Dark Places

I was caught. Surrounded by a group of girls, accusing me of having sex with one of their friends, as my girlfriend stood nearby, crying. I was relentless in my resistance to the inescapable reality of my predicament and complete dishonest in my defense. Nothing I could do but quote an old song by Shaggy, “It wasn’t me.” I only tell you this because it was a catalyst in the drama that was to come later and a moment I will never forget.
Later that night, I called my girlfriend who was staying at her friend’s house. She wouldn’t talk to me, so her friend’s mom got on the phone (a woman who once adored me) and began laying in on me. Telling me what a horrible person I was the kind of guy who “lived” in dark places and would never amount to anything. I’d been yelled at before, called worse by much bigger people but for some reason these words would come to have a big impact on me. Now, this isn’t the most momentous or life altering experience I’ve faced but the words are important because they speak a truth of who I was for many years.
Dark places aren’t always as straight forward as one may think. May times these dark places are in our minds, always with us no matter where we go. There is no escaping this problem because you can never escape yourself. When you spend years thinking a certain way, it begins to warp your perception of reality, until people no longer recognize the person you’ve become.
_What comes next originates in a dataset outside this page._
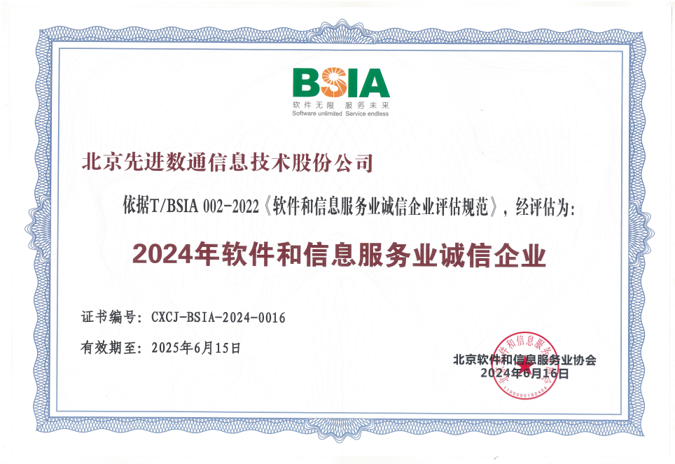 近期,北京软件和信息服务业协会公布了“2024年软件和信息服务业诚信企业”获奖名单,北京金年会诚信至上信息技术股份公司(以下简称“金年会诚信至上”)凭借卓越的企业信誉、持续的技术创新能力以及优质的数字化转型服务,成功荣获此项殊荣。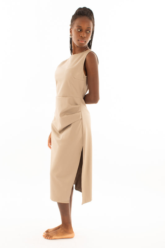 Abito ecopelle lungo con drappeggio Motel - Pergamena

The crazy part is that you normalize your behavior and maybe even come to defend it.
I don’t want to live in dark places anymore, avoiding change and just accepting the relative comfort of having to do nothing, which prison provides. I’ve decided that I have to do more, help others in any way I can and give back to a world I’ve only taken from until now. We are a fully capable species with the ability to make extraordinary changes in ourselves and transforming our environment. We have shown definitively (sometimes adversely) since our ancestors learned to use tools, and live in ever functioning societies, that we can change the world. We can truly do anything we set our minds to. So it’s up to people like me who have done harm to others to accept responsibility, step forward, and try to make this world a better place for all. This planet is our home, a home we must all share.
Most perpetrators of serious crimes prefer to “forget” what they’ve done because it’s a much easier thing to do than face further judgement. I see this first hand every day in prison. But victims of sexual assault and a variety of other crimes, don’t get to just “forget” what happened to them. They are forced to live with the trauma (and possible P.T.S.D.) because men like me gave them no other choice when we committed our crimes. They will have to “do time” as well, only their sentence will be served in the mind.
I can never forget, I won’t forget. I will continue striving to find new ways to give back, help in any way I can, even if it’s just with words. This blog, my mission is a way for me to keep this subject foremost in my thoughts, which will in turn continue to influence my actions.
This world is full of problems and I know one person can’t solve them all. I can start by working on myself for now though. Every morning I wake up is another opportunity and I’ll do my best not to waste another moment.